Specifies the interface to the Write Ahead Logging (WAL) system.

Introduction

The Write Ahead Log plays a crucial role in a DBMS. It provides the basis for recoverability. It is also a critical part of the system that has a massive impact on performance of an OLTP system.

Conceptually, the Log can be thought of as an ever growing sequential file. In the form of Log Records, the Log contains a history of all changes made to the database. Each Log Record is uniquely identified by a number called the Log Sequence Number (LSN). The LSN is designed in such a way that given an LSN, the system can locate the corresponding Log Record quickly. LSNs are assigned in strict ascending order (monotonicity). This is an important property when it comes to recovery.

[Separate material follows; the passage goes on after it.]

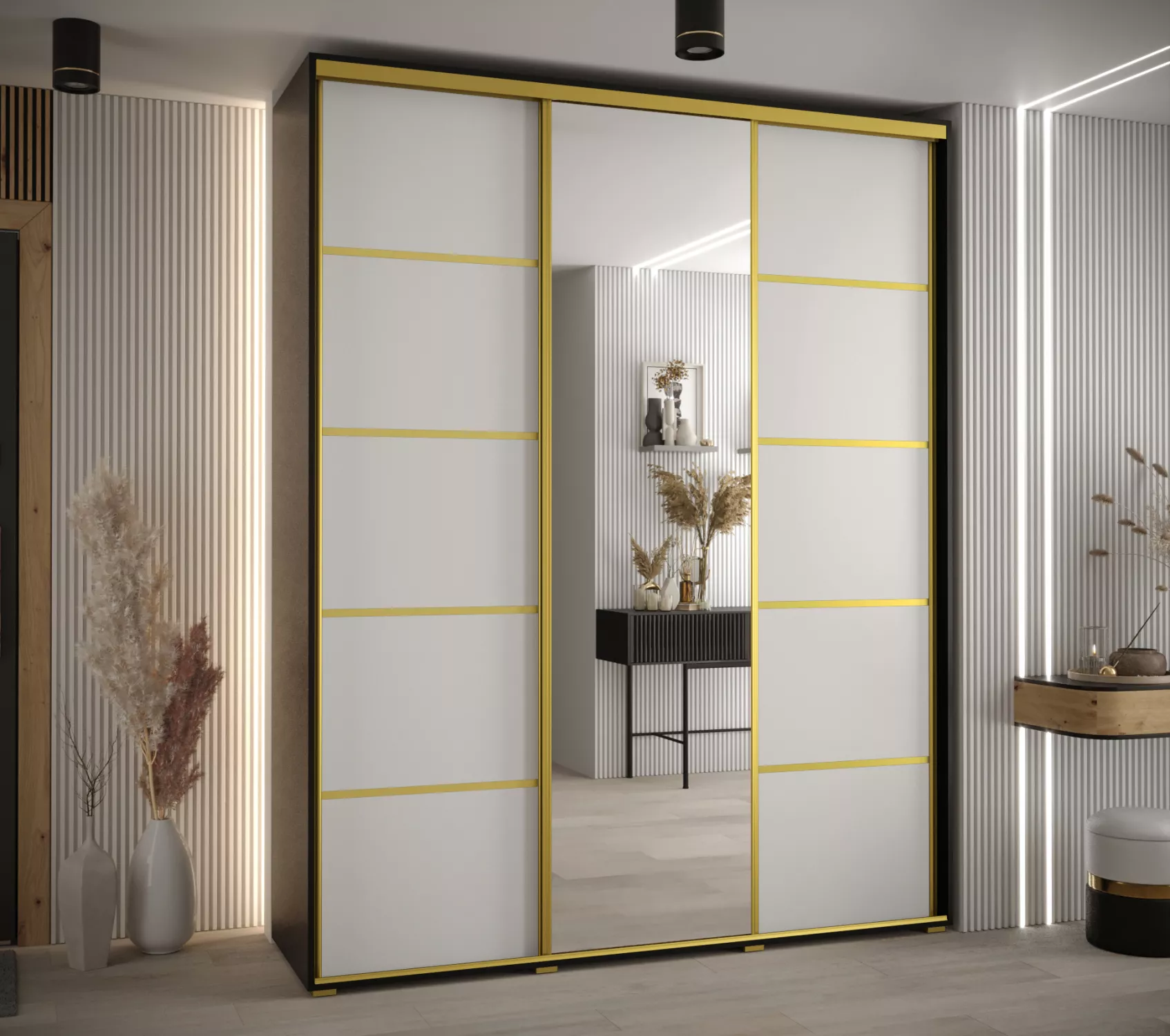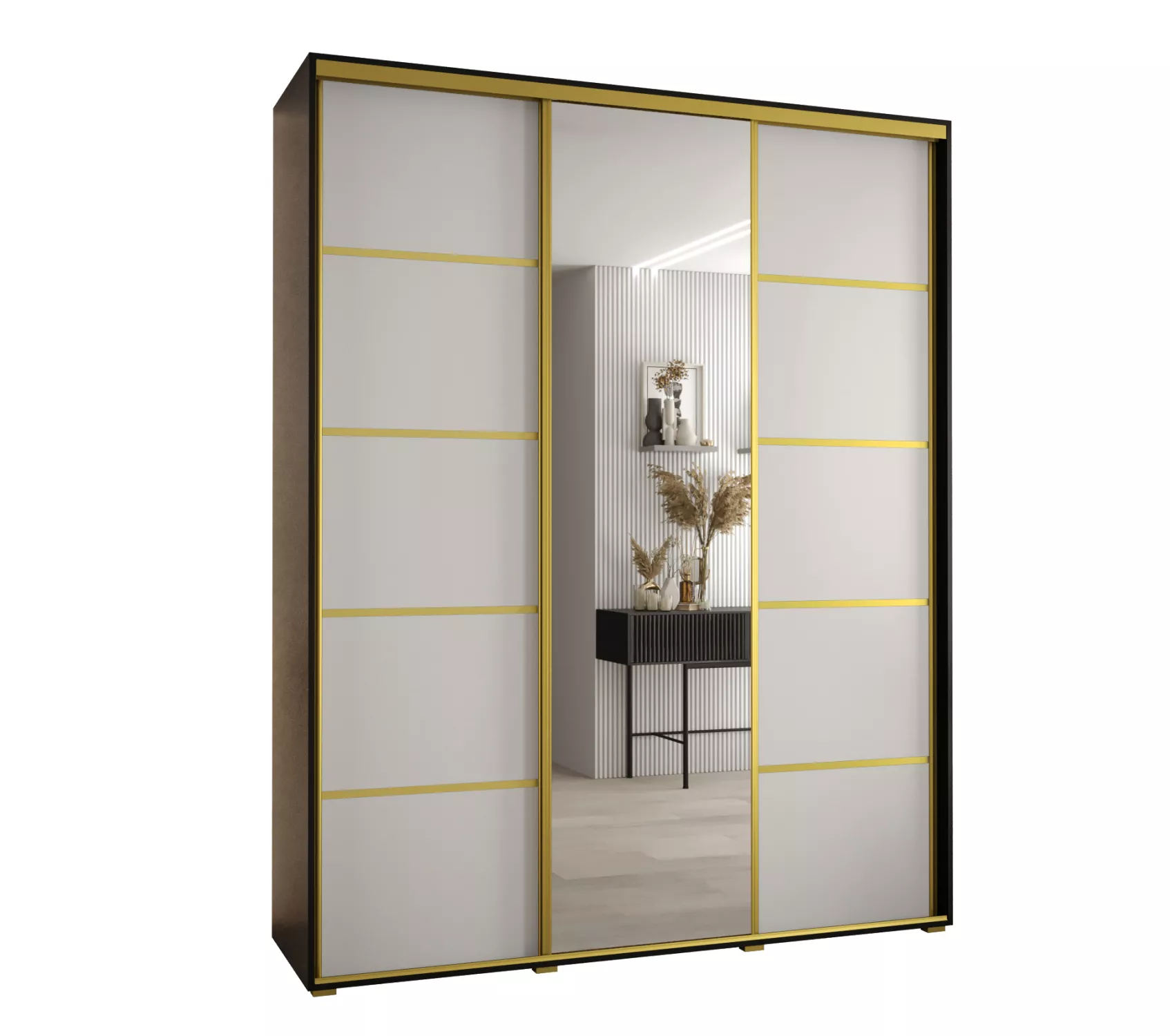 Šatní skříň YVONA 5 - 190/45 cm, černá / bílá / zlatá

During the progress of a Transaction, the a DBMS records in the Log all the changes made by the transaction. The Log records can be used to recover the system if there is a failure, or they can be used to undo the changes made by a transaction.

Initially, Log Records are stored in memory. They are flushed to disk during transaction commits, and also during checkpoints. In the event of a crash, it is possible to lose the log records that were not flushed to disk. This does not cause a problem, however, because by definition these log records must correspond to changes made by incomplete transactions. Also, the WAL protocol (described below) ensures that such Log records do contain changes that have already been persisted within the database.

Write Ahead Log (WAL) Protocol

The WAL protocol requires the following conditions to hold true:

  1. All changes made by a transaction must be saved to the Log and the Log must be flushed to disk before the transaction is committed.
  2. A database buffer page may not be modified until its modifications have been logged. A buffer page may not be saved to disk until all its associated log records have been saved to disk.
  3. While the buffer page is being modified and the Log is being updated, an Exclusive latch (a type of fast lock) must be held on the page to ensure that order in which changes are recorded in the Log correspond to the order in which they were made.

Consequences of above rules are:

  1. If a Log Record was not saved to disk, it can be safely ignored, because any changes contained in it are guaranteed to belong to uncommitted transactions. Also, such Log Records cannot represent changes that have been made persistent in the database.
  2. Log records represent changes to the system in the correct order. The latching protocol ensures that if two Log records represent changes to the same Page, then the ordering of these records reflects the order in which the changes were made to the page.

Advantages of WAL

Typically, in an OLTP system, updates tend to be random and can affect different parts of the disk at a point in time. In comparison, writes to the Log are always sequential. If it were necessary to flush all changes made by the DBMS to disk at commit time, it would have a massive impact on performance because of the randomness of the disk writes. However, in a WAL system, only the Log needs to be flushed to disk at Commit. Thus, the Log has the effect of transforming random writes into serial writes, thereby improving performance significantly.

Design Issues

There are several design decisions that must be made when implementing a Write Ahead Log.

  1. Should the Log Manager share the page buffering system used by the DBMS to manage IO to data files? The database page buffering system usually operates for fixed size pages, whereas log records are typically variable length. Using a page buffering system would require mapping of log records to pages. There is also the chicken and egg problem. Changes made to disk pages are supposed to be logged in the write ahead log. Having the log system depend on the page buffer system would introduces a cyclical dependency, which is best to avoid. Last, but not the least, log systems usually require very high io performance, and can take advantage of the fact that log writes are always sequential. A custom algorithm for handling log writes is likely to achieve better performance than the more generic solution in page buffering systems.
  2. Should Log Records be allowed to span multiple log files? It is easier to keep things simple and insist that the largest of log records must fit into an individual log file. Clients that require larger log records can always split them into multiple records.
  3. Should log files be allocated as and when needed? There is often a middle ground; a fixed set of online log files can be permanently allocated. Having a fixed set of online log files makes the system more reliable, because there is no need to allocate a file when writing to the Log. New files can be allocated when archiving log files. This ensures that even if the log archival fails, the main log files will remain intact.
  4. What is the level of concurrency that should be supported in the log system? Using fine-grained locking increases the complexity of the code enormously, but should result in greater scalability. Concurrency solution can take advantage of the fact that log writes always occur at the end of the log.